_INFORMATION SHOWN_
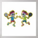 Póster Funny Cartoon Skeletons Playing Padel Tennis – 3D
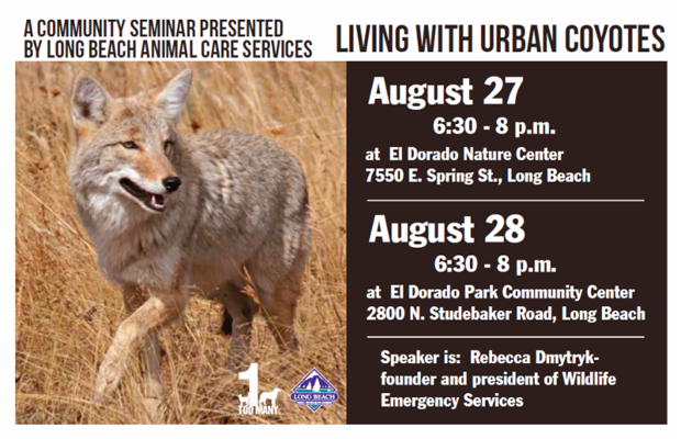 In this light, ACS will present a community seminar, “Living with Urban Coyotes,” which addresses the education component of both the management plan and the proposed mitigation plan. The sessions will be held on Thursday, August 27, at the El Dorado Nature Center, 7550 East Spring Street, and on Friday, August 29, at the El Dorado Park Community Center, 2800 North Studebaker Road. Both will take place from 6:30PM–8:30PM.
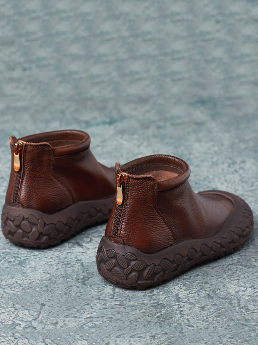 Introducing our Women Autumn Casual Pure Color Leather Zipper Flat Boots! Perfect for a casual day out, these boots will keep your feet comfortable and stylish. No more struggling with laces, just zip and go! Available in a variety of colors for any outfit. (Fashion AND function, these boots are the whole package!)

_TASK_
In the copy, omit the pictures and give every line of the data exactly.

_REPLY TO THE TASK_
 Póster Funny Cartoon Skeletons Playing Padel Tennis – 3D
 In this light, ACS will present a community seminar, “Living with Urban Coyotes,” which addresses the education component of both the management plan and the proposed mitigation plan. The sessions will be held on Thursday, August 27, at the El Dorado Nature Center, 7550 East Spring Street, and on Friday, August 29, at the El Dorado Park Community Center, 2800 North Studebaker Road. Both will take place from 6:30PM–8:30PM.
 Introducing our Women Autumn Casual Pure Color Leather Zipper Flat Boots! Perfect for a casual day out, these boots will keep your feet comfortable and stylish. No more struggling with laces, just zip and go! Available in a variety of colors for any outfit. (Fashion AND function, these boots are the whole package!)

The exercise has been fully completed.